Tuesday, January 10, 2006

He came home for Christmas. Nothing was taken for granted. He hugged me tighter and kisses lingered. I hung on his every word. The reunion was unlike anything I've ever experienced. I missed him lots, but if he hadn't left, I wouldn't get to feel this. Everything's new again. There's always praise.

Tuesday, December 20, 2005

38 hours to go. There aren't words for the way I feel. I wondered why no one warned me about the last few weeks. It's because there just aren't words. I can't wait and I'm scared to death. Time stands still. Will morning ever come?

Wednesday, December 14, 2005

It's been a while. Jeff received his orders for Virginia and I've been processing my thoughts. We have to be there by Feb. 21st - thats just 11 days after the wedding. I didn't think we'd be leaving so soon, but after much thought, I've decided that it's good. It solves our housing issues here, and it really marks the start of our married life. After hearing the news, I was sad for a few days. I was reading through Jeff's blog and was reminded of all the ways that God's brought him to where he is. Then the revelation hit. The Navy doesn't decide where we go or when. We're going to Virginia because that's where we're supposed to be, and we're arriving there 11 days after the wedding because that's when we're supposed to be there. God's in control, and He has been all along. Who am I to say that His plan isn't good?

One word. Fireflies.

Wednesday, December 07, 2005

My heart feels like it's going to burst. I'm surprised I'm still in my skin. Jeff got his cell phone today. He called this morning to see if it was working. I sent him a text message, and he replied. I can let him know that I love him whenever I want. I'm so overjoyed.

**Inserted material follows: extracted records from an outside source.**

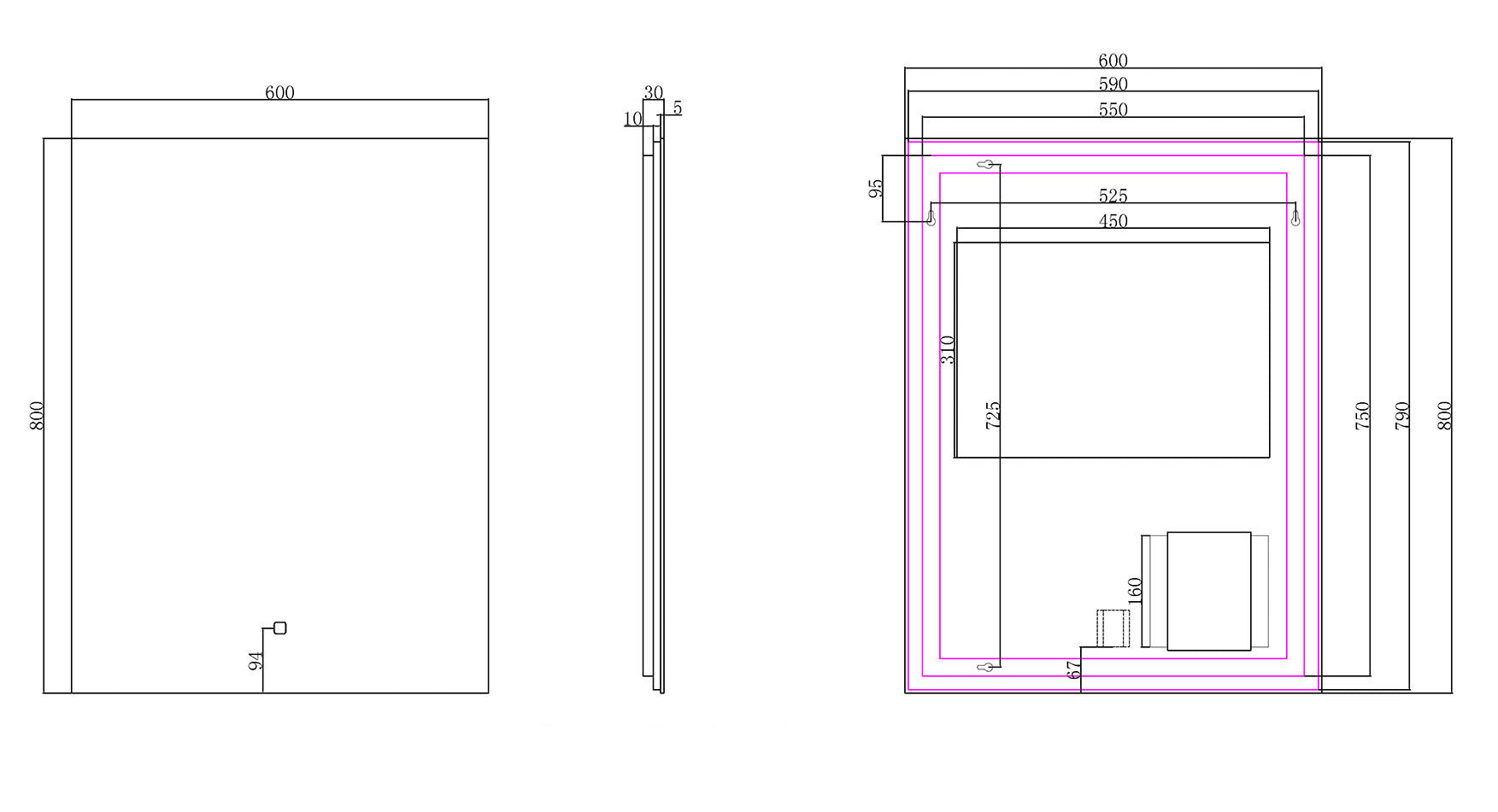 Soul spiegel rechthoek met LED, dimbaar en spiegelverwarming 60 x 80 cm
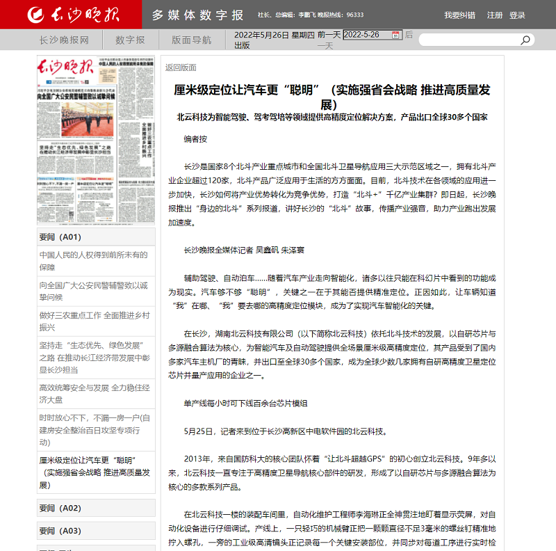 5月25日,作為長沙北斗產業企業的杰出代表,北云科技接受了長沙晚報記者采訪報道。
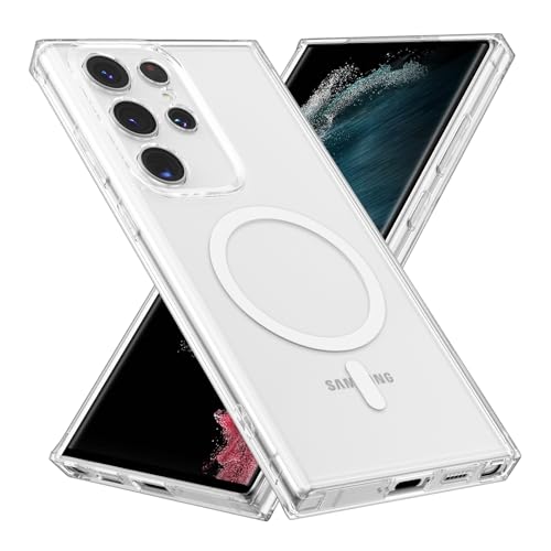 RALEAVO för Samsung Galaxy S22 Ultra 5G fodral, magnetiskt kristallklart fodral kompatibelt med MagSafe, stöttåligt skydd i militärkvalitet stötfångare telefonfodral för Samsung S22 Ultra, klart

Tuesday, December 06, 2005

My family went to get a Christmas tree on Sunday. It's a big deal. We drive to the mountains and take hot chocolate and candy canes. My grandpa and my aunts and uncles and cousins all go. We walk around in the freezing cold looking at a million trees for about an hour until we finally find the perfect ones. That's the girls' job. Then, the boys cut the trees down and carry them to the cars while we get the lunch ready. It happens like that every year. And every year, they play A Charlie Brown Christmas on TV. I'm watching it right now. All of this holiday business, as much as I love it, makes me miss Jeff more. I'm glad he's coming home for Christmas.
He said he'd call last night, but I didn't hear from him. Surprisingly, I wasn't super disappointed. That whole not expecting anything really does work. He called tonight, and I was so happy to hear his voice. He hasn't been able to call much since he became a candi-o - added responsibility or something. He'll be home two weeks from tomorrow. I can't wait.

Sunday, December 04, 2005

I miss him...

Thursday, December 01, 2005

It's raining pretty hard outside - hard enough to hear the tapping on the roof. And it's cold. How much would I like a fire in the fireplace, a movie, and cup of hot cocoa, a giant blanket, and a Jeff and Charlie to snuggle with! The only thing I'm missing is the Jeff, but that makes all the difference.